TASK BRIEF — Could you reproduce, from the records below, everything from the line with "版面位於中平路與福上巷路口往" down to the line with "ACANA GRASSLANDS JE", keeping both of those lines and changing nothing?

RECORD EXCERPTS —

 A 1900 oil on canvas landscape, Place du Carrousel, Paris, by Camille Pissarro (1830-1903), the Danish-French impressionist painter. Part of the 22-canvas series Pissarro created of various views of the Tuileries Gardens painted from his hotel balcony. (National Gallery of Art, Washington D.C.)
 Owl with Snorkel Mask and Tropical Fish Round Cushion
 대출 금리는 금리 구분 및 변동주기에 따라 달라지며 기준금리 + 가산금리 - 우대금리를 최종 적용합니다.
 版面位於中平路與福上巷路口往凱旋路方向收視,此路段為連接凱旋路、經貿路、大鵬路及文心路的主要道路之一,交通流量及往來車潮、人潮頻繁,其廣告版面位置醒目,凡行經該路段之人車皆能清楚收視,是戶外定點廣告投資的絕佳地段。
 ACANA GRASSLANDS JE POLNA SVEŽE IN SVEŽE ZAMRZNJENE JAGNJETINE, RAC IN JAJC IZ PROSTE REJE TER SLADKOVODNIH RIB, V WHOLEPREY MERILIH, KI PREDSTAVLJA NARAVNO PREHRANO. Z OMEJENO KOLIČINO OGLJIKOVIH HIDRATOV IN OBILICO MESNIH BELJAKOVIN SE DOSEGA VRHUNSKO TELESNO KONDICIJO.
==
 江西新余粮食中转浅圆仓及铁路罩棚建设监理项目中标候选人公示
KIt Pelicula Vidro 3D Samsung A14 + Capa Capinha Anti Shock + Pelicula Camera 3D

SOLUTION TO THE PROBLEM —
 版面位於中平路與福上巷路口往凱旋路方向收視,此路段為連接凱旋路、經貿路、大鵬路及文心路的主要道路之一,交通流量及往來車潮、人潮頻繁,其廣告版面位置醒目,凡行經該路段之人車皆能清楚收視,是戶外定點廣告投資的絕佳地段。
 ACANA GRASSLANDS JE POLNA SVEŽE IN SVEŽE ZAMRZNJENE JAGNJETINE, RAC IN JAJC IZ PROSTE REJE TER SLADKOVODNIH RIB, V WHOLEPREY MERILIH, KI PREDSTAVLJA NARAVNO PREHRANO. Z OMEJENO KOLIČINO OGLJIKOVIH HIDRATOV IN OBILICO MESNIH BELJAKOVIN SE DOSEGA VRHUNSKO TELESNO KONDICIJO.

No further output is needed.